Items from a data source
::::::::
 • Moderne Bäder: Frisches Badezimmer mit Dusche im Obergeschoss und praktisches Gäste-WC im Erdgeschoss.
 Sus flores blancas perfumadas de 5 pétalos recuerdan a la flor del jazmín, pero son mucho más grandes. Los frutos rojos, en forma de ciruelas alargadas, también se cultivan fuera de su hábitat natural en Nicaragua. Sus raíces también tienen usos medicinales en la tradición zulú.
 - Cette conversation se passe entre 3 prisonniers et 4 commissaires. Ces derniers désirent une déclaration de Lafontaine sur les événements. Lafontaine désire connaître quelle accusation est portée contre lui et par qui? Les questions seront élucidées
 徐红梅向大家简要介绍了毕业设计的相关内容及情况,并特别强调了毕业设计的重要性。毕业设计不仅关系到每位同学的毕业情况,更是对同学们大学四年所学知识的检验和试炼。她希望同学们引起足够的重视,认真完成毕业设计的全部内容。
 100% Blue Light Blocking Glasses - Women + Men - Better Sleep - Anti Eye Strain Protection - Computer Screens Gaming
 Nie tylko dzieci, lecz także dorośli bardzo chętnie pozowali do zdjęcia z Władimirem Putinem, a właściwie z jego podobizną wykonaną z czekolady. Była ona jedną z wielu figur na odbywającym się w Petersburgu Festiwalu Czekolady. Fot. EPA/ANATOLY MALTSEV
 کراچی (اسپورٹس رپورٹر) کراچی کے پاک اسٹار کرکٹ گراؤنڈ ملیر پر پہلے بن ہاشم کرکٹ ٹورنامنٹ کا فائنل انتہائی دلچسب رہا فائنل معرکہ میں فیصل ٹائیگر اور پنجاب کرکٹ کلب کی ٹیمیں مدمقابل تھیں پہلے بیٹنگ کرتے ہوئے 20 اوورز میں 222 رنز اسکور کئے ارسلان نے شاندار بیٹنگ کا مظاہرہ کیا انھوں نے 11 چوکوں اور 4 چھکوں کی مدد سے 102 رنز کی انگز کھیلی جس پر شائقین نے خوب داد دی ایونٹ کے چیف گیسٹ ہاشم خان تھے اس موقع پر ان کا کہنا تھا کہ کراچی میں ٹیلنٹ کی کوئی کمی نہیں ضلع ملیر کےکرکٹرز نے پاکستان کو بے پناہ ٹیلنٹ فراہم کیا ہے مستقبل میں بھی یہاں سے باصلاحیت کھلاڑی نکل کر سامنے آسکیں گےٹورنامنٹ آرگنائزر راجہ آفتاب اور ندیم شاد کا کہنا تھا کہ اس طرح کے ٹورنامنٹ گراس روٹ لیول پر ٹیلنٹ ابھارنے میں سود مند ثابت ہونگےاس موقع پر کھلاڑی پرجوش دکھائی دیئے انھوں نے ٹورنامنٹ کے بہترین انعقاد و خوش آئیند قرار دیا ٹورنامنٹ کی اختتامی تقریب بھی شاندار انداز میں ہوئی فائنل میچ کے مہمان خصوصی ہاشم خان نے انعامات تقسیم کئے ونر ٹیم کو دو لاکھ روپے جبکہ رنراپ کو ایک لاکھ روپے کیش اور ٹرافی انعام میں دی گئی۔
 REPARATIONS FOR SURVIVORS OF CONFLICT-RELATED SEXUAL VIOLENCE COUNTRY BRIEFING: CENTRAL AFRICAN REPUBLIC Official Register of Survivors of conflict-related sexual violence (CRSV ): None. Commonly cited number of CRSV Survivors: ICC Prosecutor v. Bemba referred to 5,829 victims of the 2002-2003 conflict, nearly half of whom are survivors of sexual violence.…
::::::::
▶ Work request
Your answer must be the lines above from the one containing "徐红梅向大家简要介绍了毕业设" to the one containing "Nie tylko dzieci, lecz", both included, restated word for word.

▶ Worked solution
 徐红梅向大家简要介绍了毕业设计的相关内容及情况,并特别强调了毕业设计的重要性。毕业设计不仅关系到每位同学的毕业情况,更是对同学们大学四年所学知识的检验和试炼。她希望同学们引起足够的重视,认真完成毕业设计的全部内容。
 100% Blue Light Blocking Glasses - Women + Men - Better Sleep - Anti Eye Strain Protection - Computer Screens Gaming
 Nie tylko dzieci, lecz także dorośli bardzo chętnie pozowali do zdjęcia z Władimirem Putinem, a właściwie z jego podobizną wykonaną z czekolady. Była ona jedną z wielu figur na odbywającym się w Petersburgu Festiwalu Czekolady. Fot. EPA/ANATOLY MALTSEV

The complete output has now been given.